Last week’s news hit the TIU community hard, just three months before the end of the semester. Parents of current undergraduate students expressed frustration at the decision to end in-person and in-person learning in comments on Facebook; Alumni offered their prayers that the change would allow the school to be more effective, as executives suggested.
“This abrupt announcement fits the pattern of Perrin’s leadership, where cuts and major changes to the curriculum are announced quickly and without sensitivity to those affected,” Madison Pierce, one of the two outgoing professors who were publicly appointed last year, told Western Theological seminary have joined. “I continue to pray for my alma mater and its leadership in the hope that it will regain its place as a prophetic space within evangelicalism.”
In an email sent to Trinity students Friday, President Perrin said the move online is part of the “remaining laser focus on our ‘why’.” and the rising cost of providing home schooling.
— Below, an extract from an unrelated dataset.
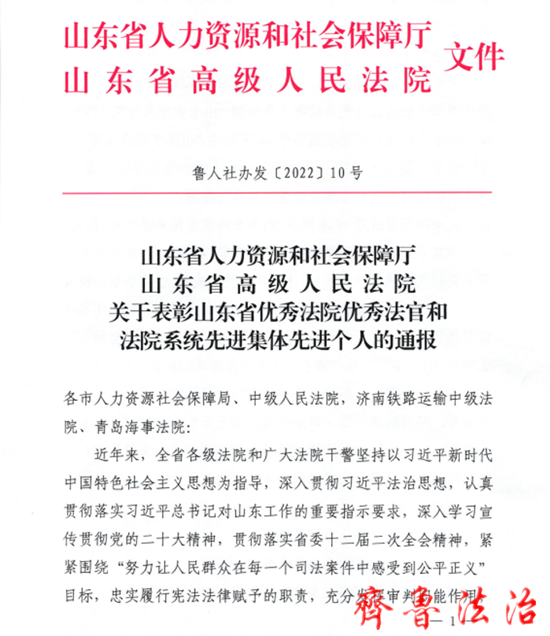 齐鲁法治(东营讯)李春军 11月15日,第二十五次全省法院工作会议在济南召开,会议通报表彰了7个全省优秀法院、30名优秀法官和法院系统30个先进集体、60名先进个人。东营法院3个集体、5名干警受到表彰。其中,广饶县人民法院荣获“山东省优秀法院”,广饶县人民法院未成年人案件综合审判庭庭长、一级法官李美芹荣获“山东省优秀法官”,东营市东营区人民法院刑事审判庭、利津县人民法院陈庄人民法庭荣获“山东省法院系统先进集体”,东营市中级人民法院刑事审判第三庭二级法官助理徐爱丽、东营市中级人民法院法警支队支队长 四级高级警长刘树建、东营市垦利区人民法院行政审判庭一级法官尚学三、东营经济技术开发区人民法院综合审判庭一级法官王建彩荣获“山东省法院系统先进个人”。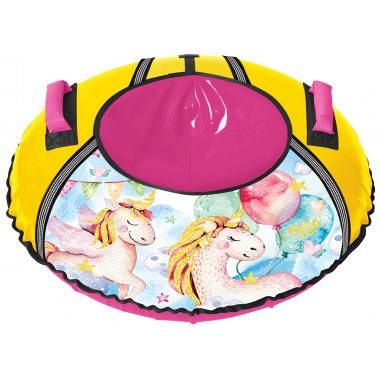 Тюбинг с мерцающими блестками и с рисунком единорога изготовлен из прочного тента, который устойчив к морозам до 28 градусов, все швы усилены капроновой лентой.

“We understand that while these decisions offer long-term vitality, they have significant short-term implications,” Perrin said. “I know this letter will not answer all of your questions, but we intend to provide additional details through regular communications, chapels, special meetings and other forums over the coming days.”
In addition to ending in-person undergraduate education at TIU and moving Trinity College and Trinity Graduate School fully online by the fall of 2023, the institution also decided to close Camp Timber-lee. The Wisconsin camp has lost $2.8 million since it was handed over to TIU by the Evangelical Free Church in America in 2016.